Plans Help Safeguard Area Water

Officials: MUB, Kingwood rules updated in ’11

Morgantown Dominion Post
26 January 2014
By David Beard

The Freedom Industries chemical spill, which contaminated the water supply for 300,000 Kanawha Valley residents, stirred questions about the safety of water supplies in the state.

Evan Hansen, president of Morgantown-based Downstream Strategies, told legislators this past week about one available means of protection: Source Water Protection Plans.

These plans emerge from federally mandated Source Water Protection Reports (SWARs) for 342 public water systems statewide. The Dominion Post spoke to officials at two local systems — Morgantown Utility Board (MUB) and Kingwood Water Works — about their plans. Conversations took place by phone and email.

An overview

SWARs emerged from the federal 1996 Safe Drinking Water Act. The state Bureau for Public Health said that the program is designed to evaluate the vulnerability of public drinking water systems to possible sources of contamination, and encourages states to work with these systems in developing protection and management plans.

Protection plans, developed with input from area emergency planning committees, should include contingency plans, alternative water sources and management plans to protect sources.

Systems of all sizes have SWARs — from West Virginia American Water, the state’s largest and the one that suffered from the Freedom spill, to tiny public service districts across rural West Virginia.

Monongalia County has just one SWAR, for MUB. Preston has 12 — for Kingwood Water Works; and systems for Arthurdale, Bruceton Mills, Masontown, Rowlesburg, Big Sandy, Terra Alta, Tunnelton, Newburg, Alpine Lake and county PSDs 1 and 4.

Marion County has four: Fairmont, Fairview, Mannington and Monongah.

Each SWAR includes susceptibility ratings for contamination of the water sources.

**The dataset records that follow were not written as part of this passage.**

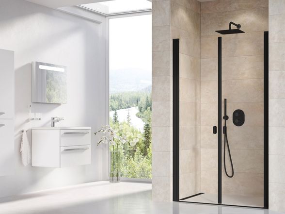 Dušo durys Ravak CSDL2 110, juoda+stiklas Transparent, 0QVDC30LZ1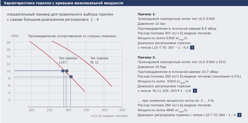 Тип горелки можно определить по графикам кривых максимальной мощности. Например, для трехходового компактного котла типа Bosch UL-S мощностью 5 т/ч с давлением 10 бар противодавление в топочной камере составляет 8,5 мбар, расход жидкого котельного EL-топлива 307 кг/ч. При таких условиях целесообразно использовать дизельную горелку типа L10T с широким диапазоном регулирования 70:307, или 1:4,4.
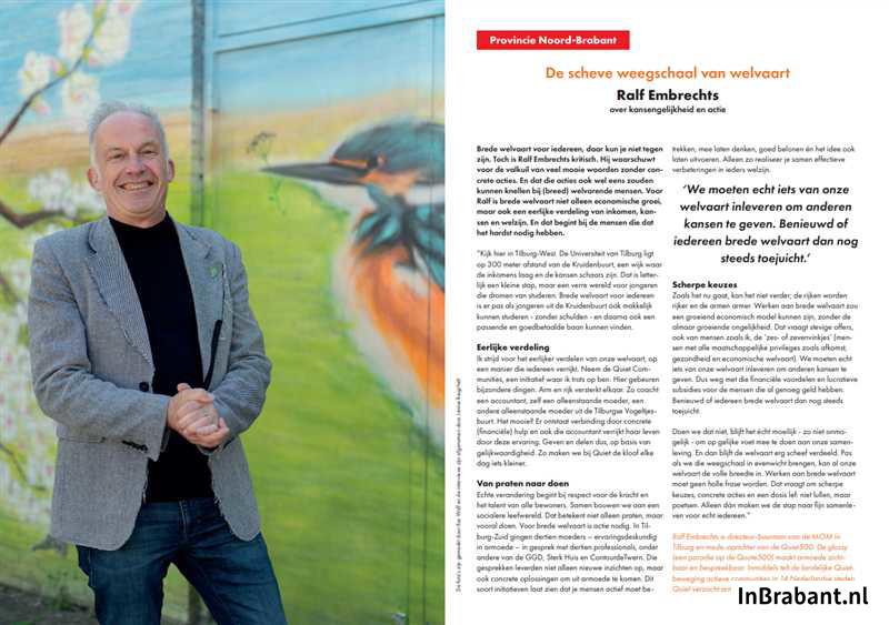 Ralf Embrechts is directeur-buurman van de MOM in Tilburg en mede-oprichter van de Quiet500. De glossy (een parodie op de Quote500) maakt armoede zichtbaar en bespreekbaar. Inmiddels telt de landelijke Quiet-beweging actieve communities in 14 Nederlandse steden. Quiet verzacht armoede en versterkt mensen.
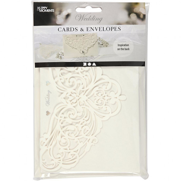 Zowel kaart als envelop hebben een parelmoer oppervlak, losse inleg is van wit papier (120 gr).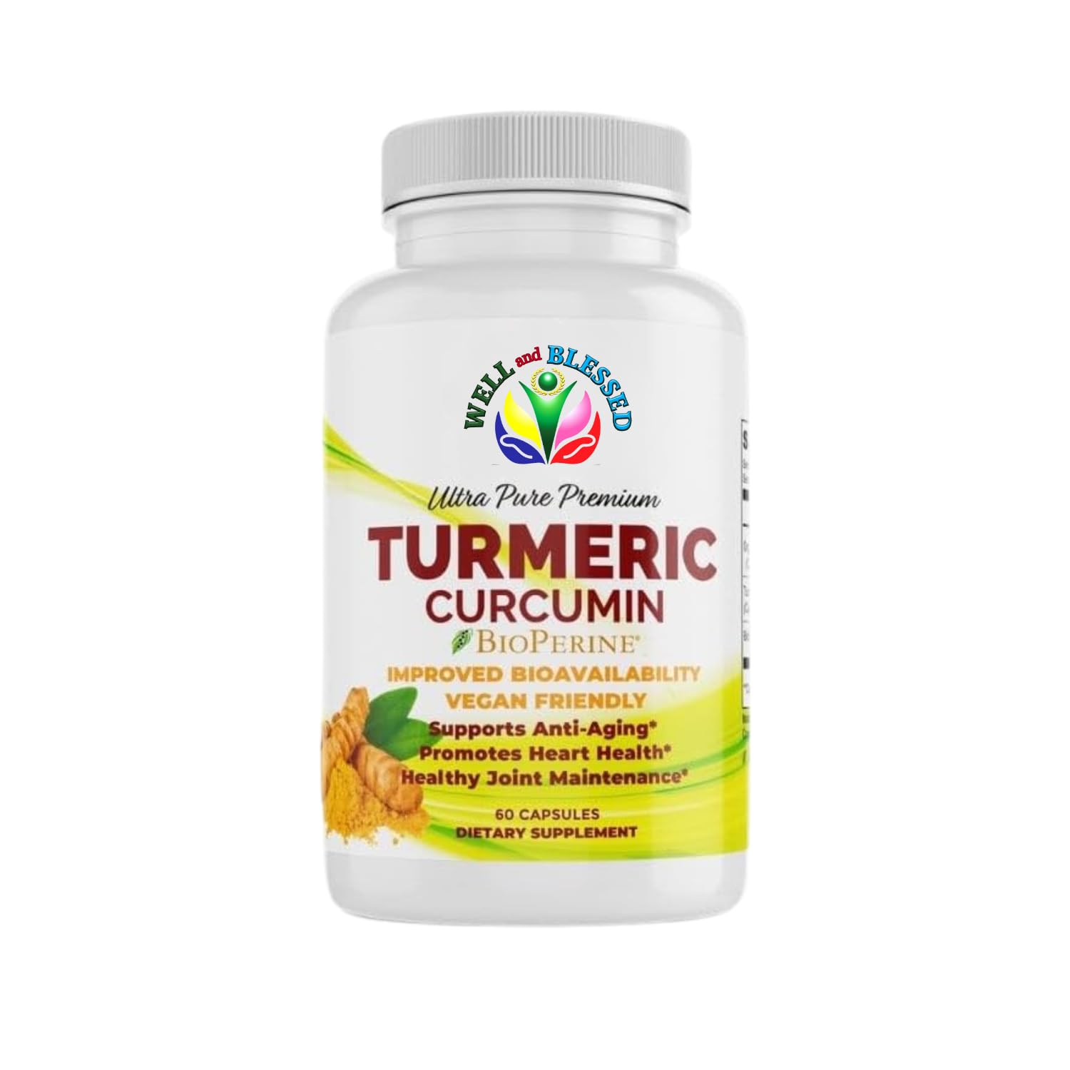 Well and Blessed Turmeric Curcumin Supplement with BioPerine - 60 Capsules - Organic Turmeric Root Extract - Vegan Friendly, Enhanced Absorption,

MUB’s and Kingwood’s both rate “high.”

MUB’s watershed covers 2,575 square miles, principally the Monongahela River, with a “zone of critical concern” (a corridor along streams meriting extra attention because of its proximity to the water intake) of 6,070 acres. The watershed has 3,609 stream miles.

The zone of concern has 55 “potential significant contaminant sources”: 34 industrial, 12 commercial, six municipal, two residential and one agricultural. The various industries and the gas wells at the Morgantown Industrial Park, for example, are situated just upstream of MUB’s intake.

Kingwood’s primary water source is the Cheat River. The watershed covers 1,002 square miles — 1,249 stream miles — with a concern zone of 6,376 acres. The zone contains 36 potential contaminant sources: 31 industrial, two commercial and three municipal.

Local plans

MUB prepared a SWAR in 2003 and updated it in 2011. The 2011 plan is 68 pages and wraps in such new phenomena, such as horizontal gas wells.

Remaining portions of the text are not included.